インセプションクリストファー・ノーラン(監督)

 上映時間などをしっかりネットでチェックしたうえで劇場へ赴いた。夏なので暑いのは当然だが、やたらと信号にひっかかり踏切のある地点では、不条理な渋滞にやられてしまい、移動時間は40分もあればすむところ、60分も必要とした。それでも時間ぎりぎりに到着し、春日井コロナの階段をかけのぼって受付で
インセプションを一枚」と言った。すると店員さんは、
「18時開演の『吹き替え』でよろしいですね」ときた。
「え? ふ、『吹き替え』ですか」と自分。
「字幕は、21時になります」と続けて店員さん。
 自分はおおいに動転した。まさか『インセプション』に吹き替え版があるなんて! 
 それでふと右上を見ると『トリストーリー3』のポスターが見えた。あっ、もしかしたら時間に追われ急ぎ、息喘したせいで、「インセプション」と発音するころを、潜在的な記憶から、うっかり『トイストーリー3』と言ったのかもしれないな、と。(ネットで予告を見たような見ないような)しかし、そんな強力ないい間違いはこれまでしたことがない。もしあるとしたらこれは夢だよ。うん、そうにちがいない。じゃあ、まあそれならそれで仕方ない。そうおもって『インセプション』と発音すると『トイストーリー3』になってしまう券を購入して、急いで館内の椅子へと腰掛けた。すると、とても映画館とは思われない暑さに包まれる。密閉感と吹き替え版。吹き替え版と汗まみれで見る。こう言ってよければ汗まみれで不完全を見る。

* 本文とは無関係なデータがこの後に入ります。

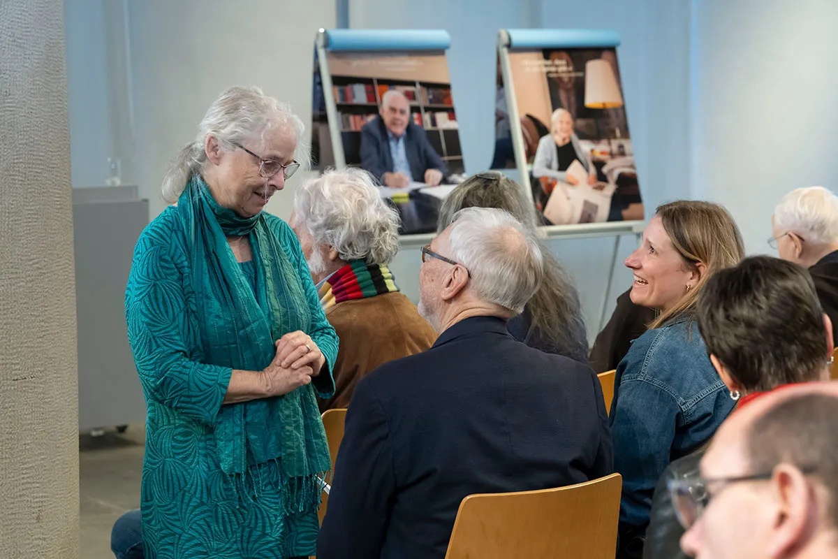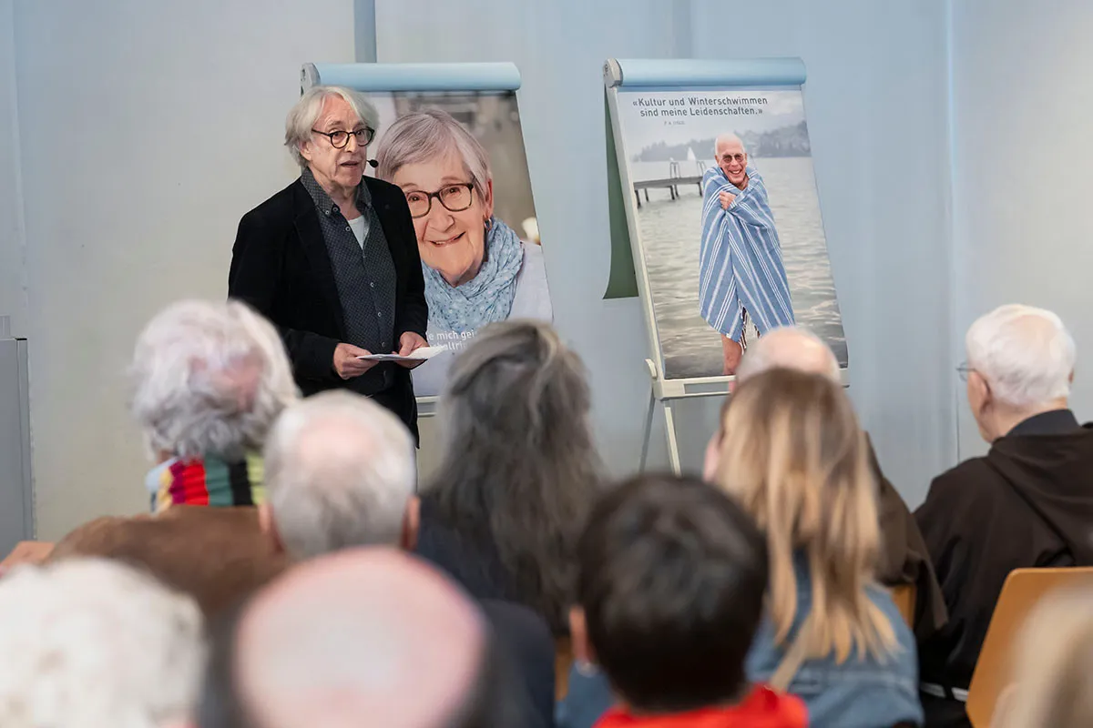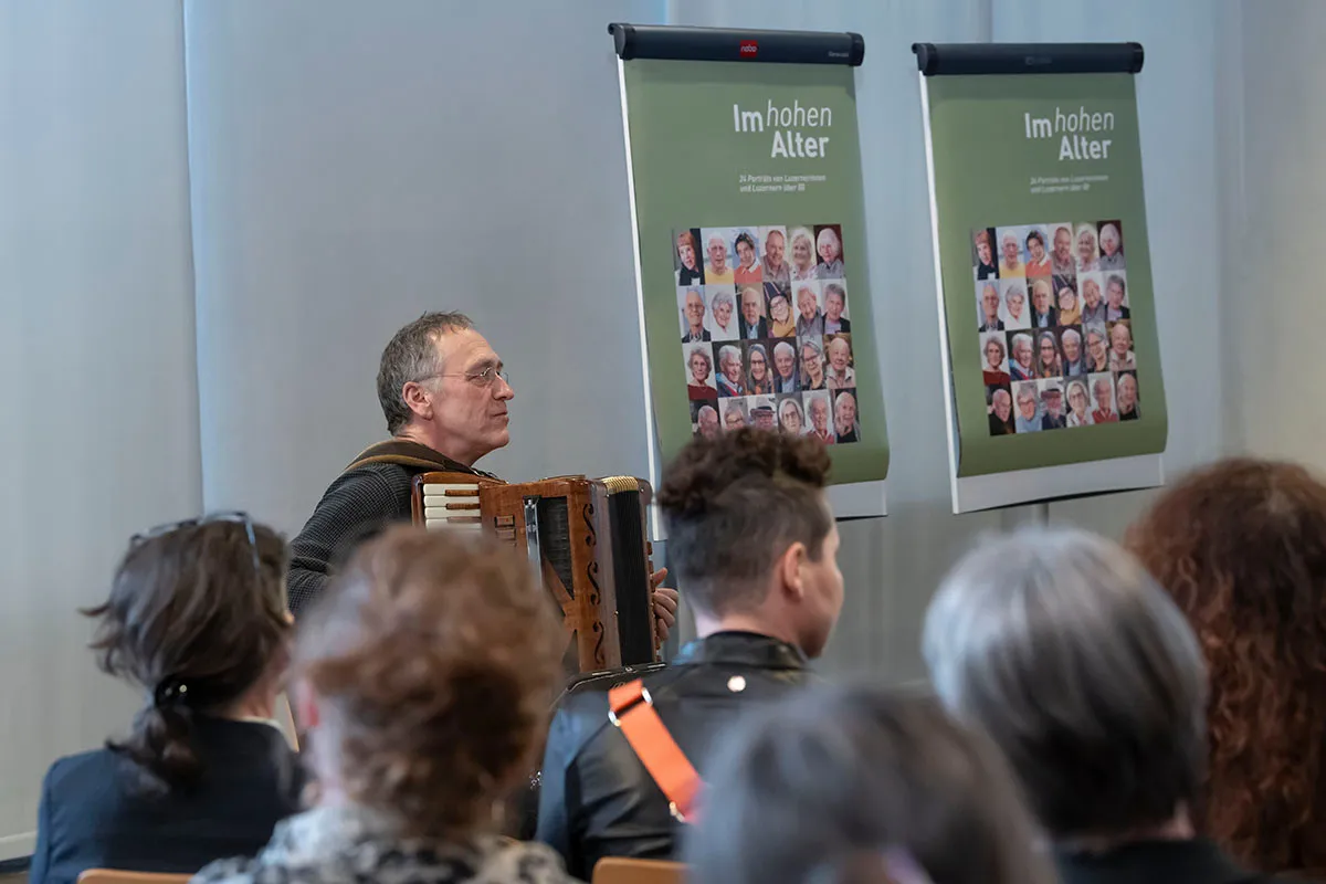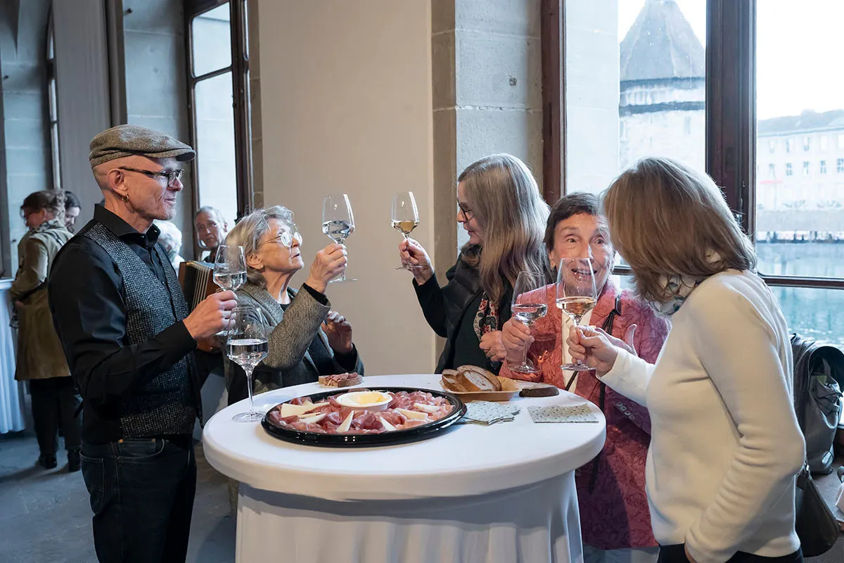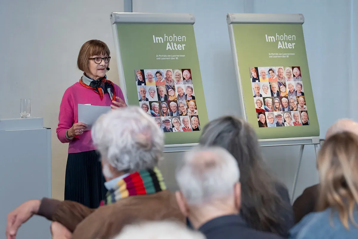 Die 24 in einem Buch und auf Plakaten porträtierten Luzernerinnen und Luzerner zwischen 82 und 97 Jahren trafen sich am Sonntag, 23. März 2025, in der Kornschütte Luzern zur Vernissage. Den Start der Sensibilisierungskampagne «Das hohe Alter» feierten mit ihnen Angehörige, Autor:innen und Promotor:innen des Forum-Luzern60plus-Projekts. Nach den Ansprachen, der Vorstellung der Porträtierten und der Verteilung des Buchs gings über zum festlichen Apéro.

 贅沢かもしれないが、自分は『映画鑑賞』イコール、ビックリするくらいの冷房を期待していのだ。すでにクッションとお尻のあたりに熱を感じる。
 が、まあしかし、省エネのためならしょうがないと観念し、黙ってうつむいていた。と、そこで次に気がついたのは、他の観客がいっこう増えないという不思議。自分をいれて5人、6人くらい。まあ、自分としては閑散としていたほうが気楽でいいんだが。それに「吹き替え版」などという商戦をとっているからこんなに客が少ないんだという悪いサンプルとなり、劇場側がこれにこりてやたらと「吹き替え版」を扱うのを手控えるのではないかと、自分を説得したのだった。
 
感想〉
 吹き替え版だったけれどすこぶる満足した。もちろんノーマル版が見たいのは言うまでもない。吹き替えだと渡辺謙の台詞が、まさしく日本語音声でその顔と声において、まったく違和感がないにもかかわらず、よっく見ると口との動きがあっていないという、フラストレーション。
 内容はとても複雑すぎてうまく書けない。いちよう町山智浩の『インセプション』批評でも予習しているし、『ラストタンゴ・イン・パリ』も見ているので、少なくとも2割増しくらいの理解力を自負しながら挑んだのであったが、なかなか手強かった。つまりは目で映像を追いながら、頭の隅で「ああこのシーンは第3層だろうか」など考えてもなお裏切られるという複数的な構造と、音響と、無重力シーンのステキさにほとほとまいった。あと復習としては『惑星ソラリス』を見てみなくちゃいけない。
 それにしても、なんら責任の伴わない非現実的な分からない現実というのは、なぜこんなにワクワクするのだろう?